The second thing was a painful lesson. Some studios publish release dates, some don't. For the ones that don't (looking at you, VR Bangers network, roughly 1,700 videos missing dates), I built a dedicated Apify actor to visit each video URL and scrape the displayed release date. First test run cost $0.046 for four URLs, about 900× the expected baseline. Turns out Apify's default memory allocation is 4 GB; my actor only needs 256 MB, and nobody tells you that 4 GB × even a few seconds of runtime adds up fast. Fixed the memory tier and moved on, but then hit the real issue: the target site sits behind Cloudflare's managed challenge. Residential proxy brought the success rate up, but never to a level that made economic sense at 1,700-page scale. Called it. The scraper is parked with a full post-mortem in the cost-optimisation playbook, and the backlog is going to get a manual browser userscript instead.

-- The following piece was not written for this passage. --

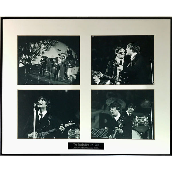Beatles Rare 1964 First U.S. Tour Four-Photo Collage. MusicGoldmine acquired the exclusive rights to a set of rare photographs of the Beatles on their first full U.S. tour. The photos were shot on August 27, 1964 at Cincinnati Gardens, Cincinnati, Ohio, which was the seventh stop on the Fab 4's 25-date U.S. tour, a run which kicked off Beatlemania in the USA.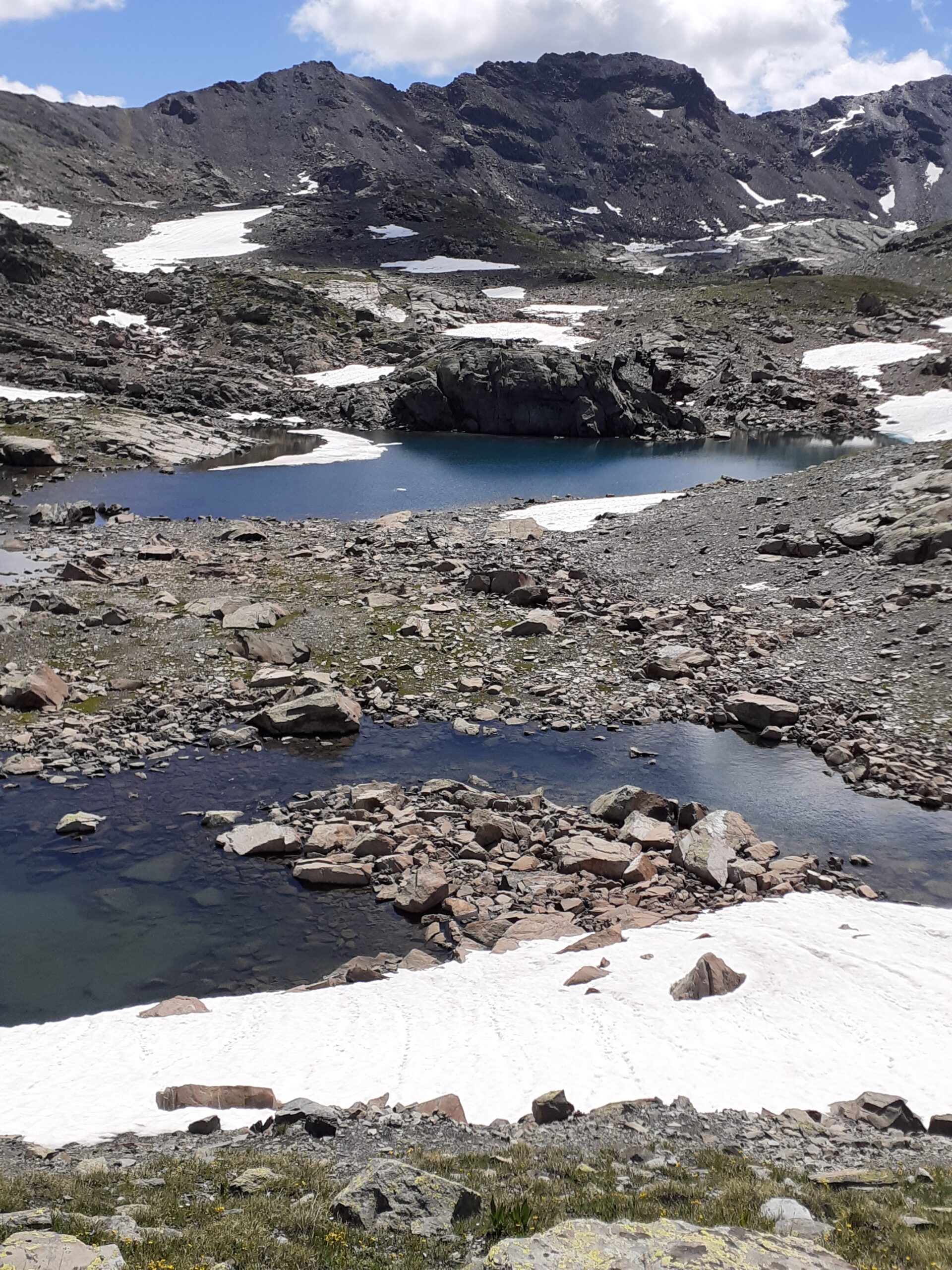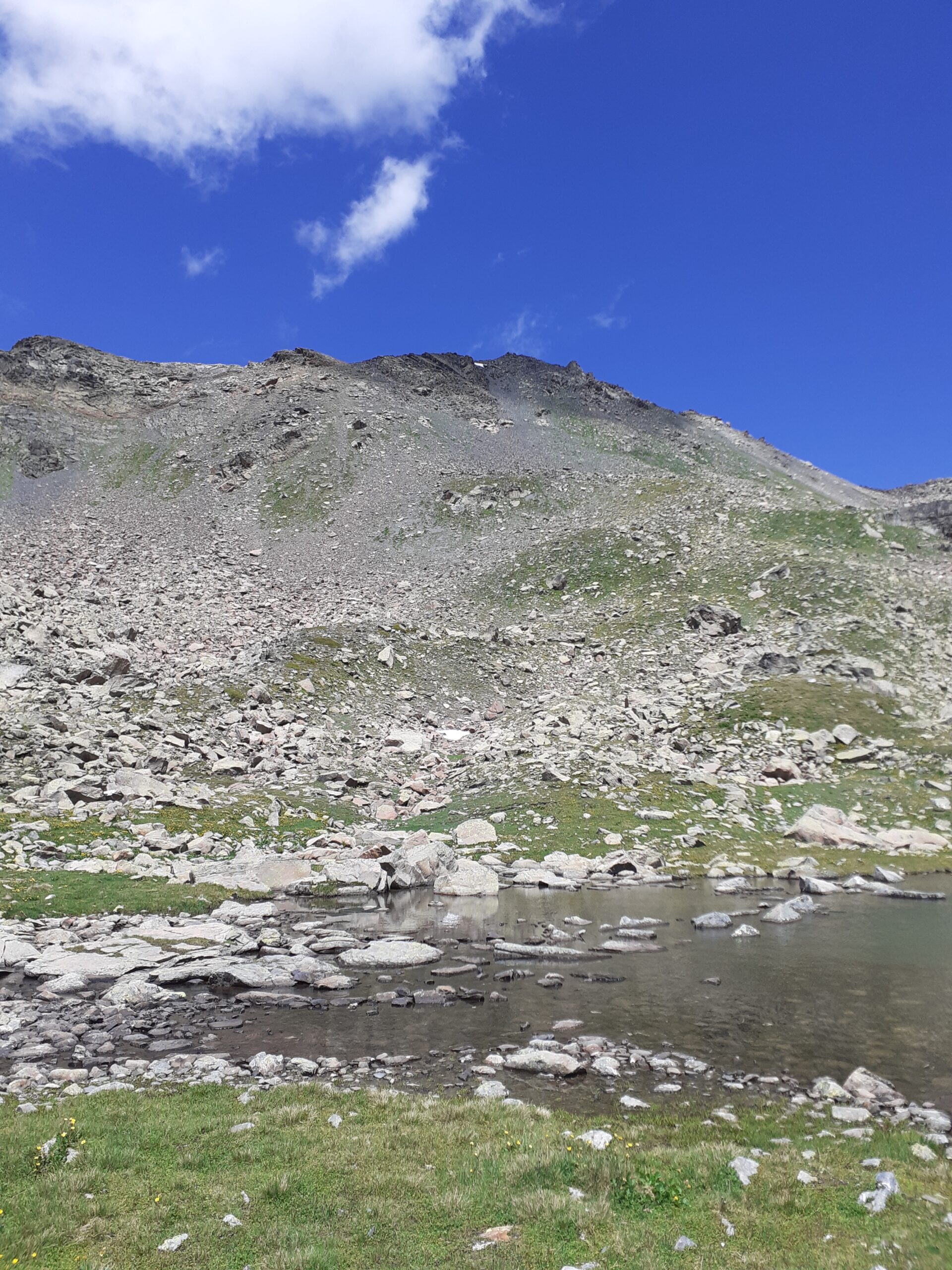 Il sentiero inizia così a salire per dossi tra bancate rocciose, raggiungendo piuttosto in fretta il Lac Long 2300 m circa. Lo si costeggia sulla sinistra per poi riprendere a salire il dosso al fondo del lago, che poterà nella caotica pietraia che precede il Lac Rond. Qui si incontrano numerosi sentieri che si districano tra il pietrame, occorre un po’ di pazienza e finalmente si giunge al bel lago, dove il terreno torna erboso.

In the quieter background: FreeOnes actor enrichment shipped, a separate Apify actor pulls bio, country, aliases, birthday, measurements, and avatar from each performer's public profile, then the writer gained a "tier-2.5" alias matching step so future imports auto-link by stage name even if the scraper uses a different spelling. Roughly 61% hit rate (not every performer has a FreeOnes page), about $0.017 per 200-actor run at 256 MB. Admin button + inline trigger + hourly sweep. The in-flight progress indicators on the admin panel also went in, every long-running processor now brackets its work between a "running" row start and a completion update, so the admin dashboard can poll and show "import: 1m 47s" next to the Run button.